▸ DATASET EXCERPT:
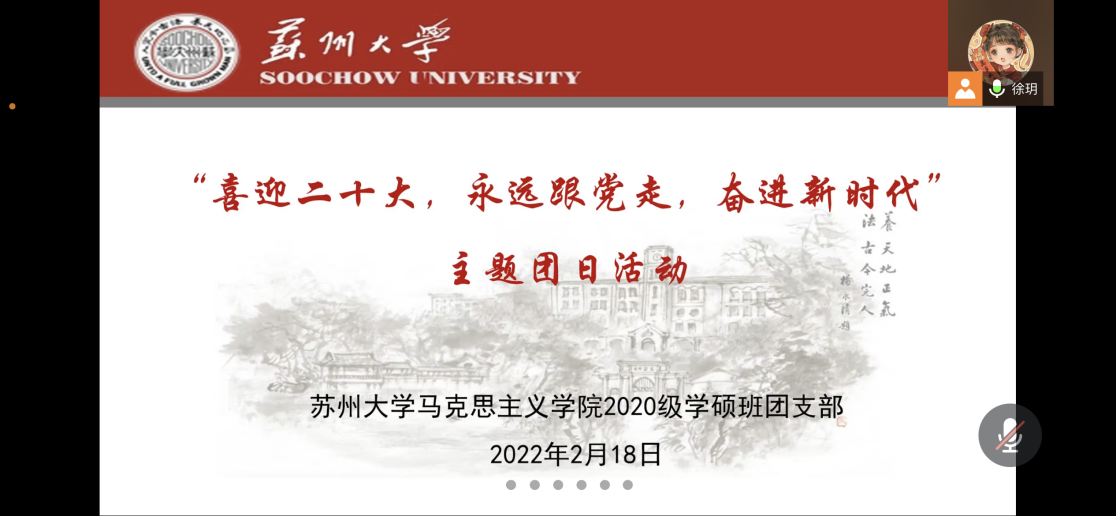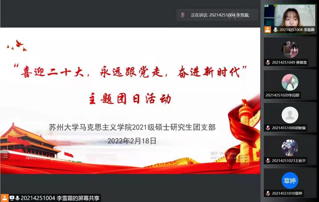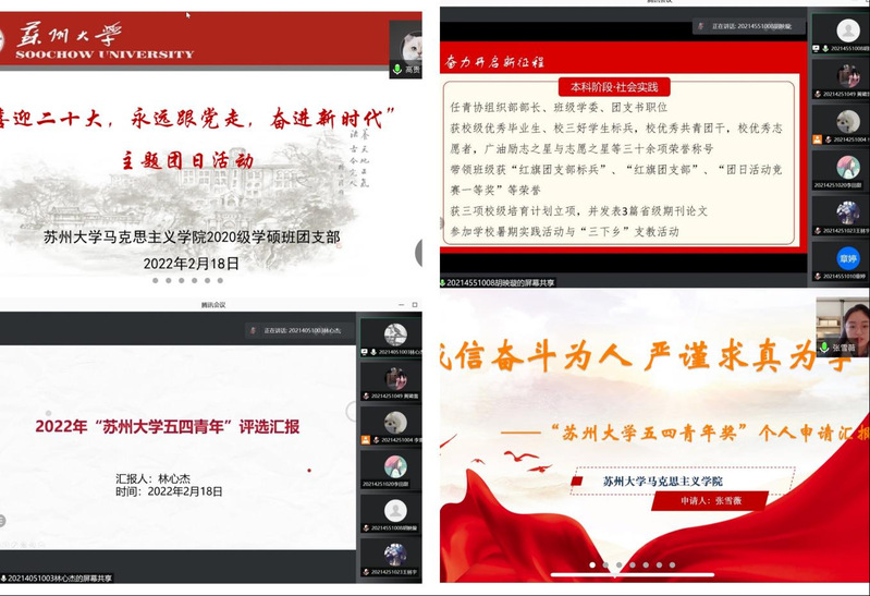 此次主题团日活动的主要内容是学院团委积极响应学校团委号召,开展“苏州大学五四青年奖”评选活动在线分享和交流,目的在于激励广大团员青年向先进个人和先进集体看齐,激励团员青年为迎接建团一百周年和党的二十大贡献青春力量。活动中,2020级和2021级6名团员青年以及行政团队和青年志愿者协会分别进行事迹分享与交流。他们分别从志愿服务经历、科研成果、工作成绩、荣誉获奖等方面进行个人或团队风采展示,大家纷纷表达了向党看齐、心怀人民、服务大众、接续奋斗的坚定决心。
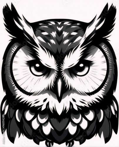© Pal, Obraz premium Beautiful owl silhouette , black and white owl clipart or vector
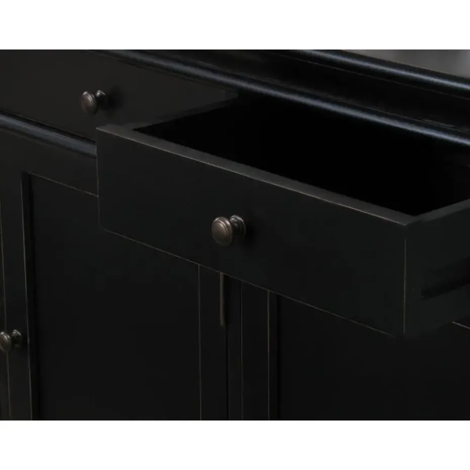 Amaretta dressoir met 3 deuren en 3 laden, zwart antiek patina. Breedte 142 cm, hoogte 86 cm is een dressoir in de kleur zwart, dat zowel stijl als functionaliteit in uw huis brengt. Antiek zwart dressoir uit onze populaire Amaretta serie. Het dressoir is gemaakt van massief hout, antiek gepatineerd en voorzien van metalen handgrepen. Solide kwaliteitsmeubels met ziel. Stijlvol ontwerp met antieke patinatie. Een kwaliteitsmeubel, stijlvol, charmant en solide. Dit product is gemaakt met oog voor detail, wat zowel esthetische aantrekkingskracht als hoge duurzaamheid garandeert. Het is ontworpen met zowel functionaliteit als stijl in gedachten, waardoor het de perfecte keuze is voor elke kamer in uw huis. De gebruikte materialen zijn van hoge kwaliteit, waardoor het product een lange levensduur heeft en bestand is tegen dagelijks gebruik. Of het nu voor opslag is of als decoratieve toevoeging, dit product zal uw interieur naar een hoger niveau tillen en extra comfort en elegantie in uw huis brengen.
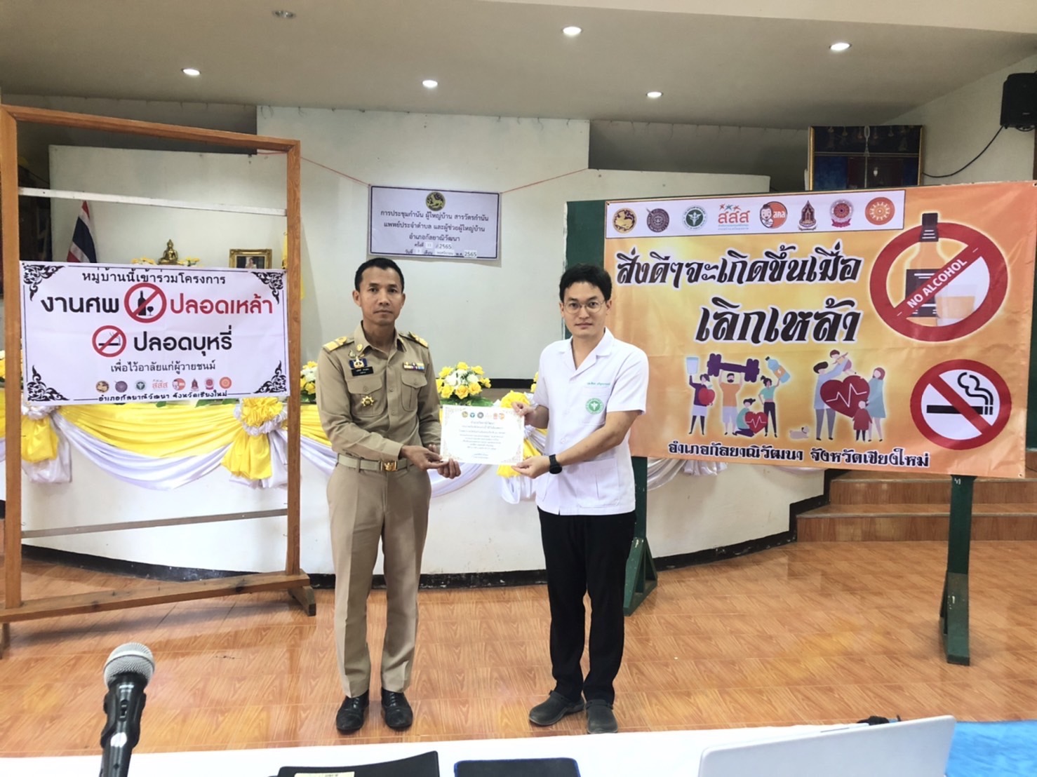 ภายใต้กิจกรรม “หมู่บ้านนี้ งานศพปลอดเหล้า ปลอดบุหรี่ เพื่อไว้อาลัยแก่ผู้วายชนม์” เพื่อลดภาระค่าใช้จ่ายให้แก่เจ้าภาพ ลดการทะเลาะวิวาท และสร้างความสงบเรียบร้อยให้แก่หมู่บ้าน ชุมชน พร้อมนี้อำเภอได้เตรียมการจัดงาน “วิ่ง” ในช่วงหน้าหนาวนี้ เพื่อส่งเสริมเรื่องการออกกำลังกาย และให้ประชาชนในพื้นที่ได้หันมารักษาสุขภาพร่างกาย เพื่อพัฒนาคุณภาพชีวิตของประชาชนในพื้นที่ ตลอดจนเป็นการนำแนวนโยบายของรัฐบาลสู่การปฏิบัติอย่างเป็นรูปธรรม

▸ PROMPT: Please retype, exactly as they appear, the lines from the one with "clipart or vector" through the final line of the material, both included, and drop any pictures.

▸ COMPLETED TASK:
© Pal, Obraz premium Beautiful owl silhouette , black and white owl clipart or vector
 Amaretta dressoir met 3 deuren en 3 laden, zwart antiek patina. Breedte 142 cm, hoogte 86 cm is een dressoir in de kleur zwart, dat zowel stijl als functionaliteit in uw huis brengt. Antiek zwart dressoir uit onze populaire Amaretta serie. Het dressoir is gemaakt van massief hout, antiek gepatineerd en voorzien van metalen handgrepen. Solide kwaliteitsmeubels met ziel. Stijlvol ontwerp met antieke patinatie. Een kwaliteitsmeubel, stijlvol, charmant en solide. Dit product is gemaakt met oog voor detail, wat zowel esthetische aantrekkingskracht als hoge duurzaamheid garandeert. Het is ontworpen met zowel functionaliteit als stijl in gedachten, waardoor het de perfecte keuze is voor elke kamer in uw huis. De gebruikte materialen zijn van hoge kwaliteit, waardoor het product een lange levensduur heeft en bestand is tegen dagelijks gebruik. Of het nu voor opslag is of als decoratieve toevoeging, dit product zal uw interieur naar een hoger niveau tillen en extra comfort en elegantie in uw huis brengen.
 ภายใต้กิจกรรม “หมู่บ้านนี้ งานศพปลอดเหล้า ปลอดบุหรี่ เพื่อไว้อาลัยแก่ผู้วายชนม์” เพื่อลดภาระค่าใช้จ่ายให้แก่เจ้าภาพ ลดการทะเลาะวิวาท และสร้างความสงบเรียบร้อยให้แก่หมู่บ้าน ชุมชน พร้อมนี้อำเภอได้เตรียมการจัดงาน “วิ่ง” ในช่วงหน้าหนาวนี้ เพื่อส่งเสริมเรื่องการออกกำลังกาย และให้ประชาชนในพื้นที่ได้หันมารักษาสุขภาพร่างกาย เพื่อพัฒนาคุณภาพชีวิตของประชาชนในพื้นที่ ตลอดจนเป็นการนำแนวนโยบายของรัฐบาลสู่การปฏิบัติอย่างเป็นรูปธรรม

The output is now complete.